> What to do:
The lines from the start of the data up to and including the one with "Konyaaltı Varyant’ta toplanan" should be returned exactly, and nothing else.
(Data records begins)
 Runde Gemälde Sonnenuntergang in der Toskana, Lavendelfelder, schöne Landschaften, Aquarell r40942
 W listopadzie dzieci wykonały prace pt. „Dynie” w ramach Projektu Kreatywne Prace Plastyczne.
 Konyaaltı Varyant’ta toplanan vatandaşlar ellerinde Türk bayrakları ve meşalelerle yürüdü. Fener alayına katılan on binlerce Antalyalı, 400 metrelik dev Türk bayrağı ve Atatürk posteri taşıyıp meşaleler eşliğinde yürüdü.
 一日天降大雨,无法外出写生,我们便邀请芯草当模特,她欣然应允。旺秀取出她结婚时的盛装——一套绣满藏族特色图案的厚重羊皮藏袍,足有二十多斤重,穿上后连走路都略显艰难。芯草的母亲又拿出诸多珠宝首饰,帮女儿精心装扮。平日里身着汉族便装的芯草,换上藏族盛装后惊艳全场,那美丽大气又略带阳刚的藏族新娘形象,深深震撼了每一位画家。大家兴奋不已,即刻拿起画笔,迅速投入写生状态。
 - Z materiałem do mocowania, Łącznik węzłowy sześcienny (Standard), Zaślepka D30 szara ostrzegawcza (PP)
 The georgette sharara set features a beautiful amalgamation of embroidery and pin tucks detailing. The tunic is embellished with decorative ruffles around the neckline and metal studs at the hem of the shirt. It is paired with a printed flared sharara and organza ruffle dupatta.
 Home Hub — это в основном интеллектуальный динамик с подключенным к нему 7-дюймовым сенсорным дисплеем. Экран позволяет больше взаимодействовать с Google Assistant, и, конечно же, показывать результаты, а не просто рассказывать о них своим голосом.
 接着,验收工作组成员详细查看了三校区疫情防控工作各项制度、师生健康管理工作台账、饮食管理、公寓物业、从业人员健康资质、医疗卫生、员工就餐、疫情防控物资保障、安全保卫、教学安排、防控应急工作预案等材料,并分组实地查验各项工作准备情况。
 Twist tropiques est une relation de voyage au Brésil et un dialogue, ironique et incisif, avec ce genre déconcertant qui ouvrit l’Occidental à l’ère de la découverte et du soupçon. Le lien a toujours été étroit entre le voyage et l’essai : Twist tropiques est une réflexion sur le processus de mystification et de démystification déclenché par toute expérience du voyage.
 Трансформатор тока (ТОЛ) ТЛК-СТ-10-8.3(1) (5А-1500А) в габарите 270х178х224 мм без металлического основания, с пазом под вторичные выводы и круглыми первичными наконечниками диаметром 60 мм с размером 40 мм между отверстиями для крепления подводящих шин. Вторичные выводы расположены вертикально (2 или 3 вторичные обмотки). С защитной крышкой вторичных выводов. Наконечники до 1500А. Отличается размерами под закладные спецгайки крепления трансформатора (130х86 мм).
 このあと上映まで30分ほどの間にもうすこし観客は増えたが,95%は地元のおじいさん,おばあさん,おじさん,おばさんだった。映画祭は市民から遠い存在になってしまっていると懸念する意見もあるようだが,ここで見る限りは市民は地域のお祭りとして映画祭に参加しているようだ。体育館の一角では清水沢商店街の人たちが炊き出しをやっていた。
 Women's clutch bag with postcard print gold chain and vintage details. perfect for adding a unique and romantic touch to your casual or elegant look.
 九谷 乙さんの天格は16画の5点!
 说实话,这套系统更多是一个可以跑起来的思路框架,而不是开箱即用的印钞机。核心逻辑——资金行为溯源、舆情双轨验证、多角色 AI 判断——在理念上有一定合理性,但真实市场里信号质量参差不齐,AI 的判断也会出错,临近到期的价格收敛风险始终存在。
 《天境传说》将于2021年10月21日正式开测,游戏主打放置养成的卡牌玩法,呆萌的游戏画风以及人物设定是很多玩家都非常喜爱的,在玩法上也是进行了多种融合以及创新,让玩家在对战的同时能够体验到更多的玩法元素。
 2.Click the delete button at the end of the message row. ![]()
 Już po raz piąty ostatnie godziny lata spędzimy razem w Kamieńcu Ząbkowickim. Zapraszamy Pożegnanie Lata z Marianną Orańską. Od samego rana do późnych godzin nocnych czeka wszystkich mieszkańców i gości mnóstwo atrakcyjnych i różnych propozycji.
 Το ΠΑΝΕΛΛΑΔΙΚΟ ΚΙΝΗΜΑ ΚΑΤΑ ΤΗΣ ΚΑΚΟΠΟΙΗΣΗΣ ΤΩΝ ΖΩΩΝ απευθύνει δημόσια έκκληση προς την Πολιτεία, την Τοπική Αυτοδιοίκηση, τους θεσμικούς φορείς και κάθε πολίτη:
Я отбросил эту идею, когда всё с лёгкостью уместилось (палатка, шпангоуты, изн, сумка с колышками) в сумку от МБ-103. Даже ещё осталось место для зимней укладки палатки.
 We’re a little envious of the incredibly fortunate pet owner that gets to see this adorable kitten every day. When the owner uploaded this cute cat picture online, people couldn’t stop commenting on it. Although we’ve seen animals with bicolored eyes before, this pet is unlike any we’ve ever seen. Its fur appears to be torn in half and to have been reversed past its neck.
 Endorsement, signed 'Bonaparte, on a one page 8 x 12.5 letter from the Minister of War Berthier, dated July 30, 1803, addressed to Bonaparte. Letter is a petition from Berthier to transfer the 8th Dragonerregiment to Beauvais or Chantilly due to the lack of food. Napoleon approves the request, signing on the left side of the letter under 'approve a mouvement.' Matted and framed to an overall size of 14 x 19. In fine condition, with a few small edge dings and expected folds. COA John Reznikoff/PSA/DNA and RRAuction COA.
(Data records ends)
> Exercise response:
 Runde Gemälde Sonnenuntergang in der Toskana, Lavendelfelder, schöne Landschaften, Aquarell r40942
 W listopadzie dzieci wykonały prace pt. „Dynie” w ramach Projektu Kreatywne Prace Plastyczne.
 Konyaaltı Varyant’ta toplanan vatandaşlar ellerinde Türk bayrakları ve meşalelerle yürüdü. Fener alayına katılan on binlerce Antalyalı, 400 metrelik dev Türk bayrağı ve Atatürk posteri taşıyıp meşaleler eşliğinde yürüdü.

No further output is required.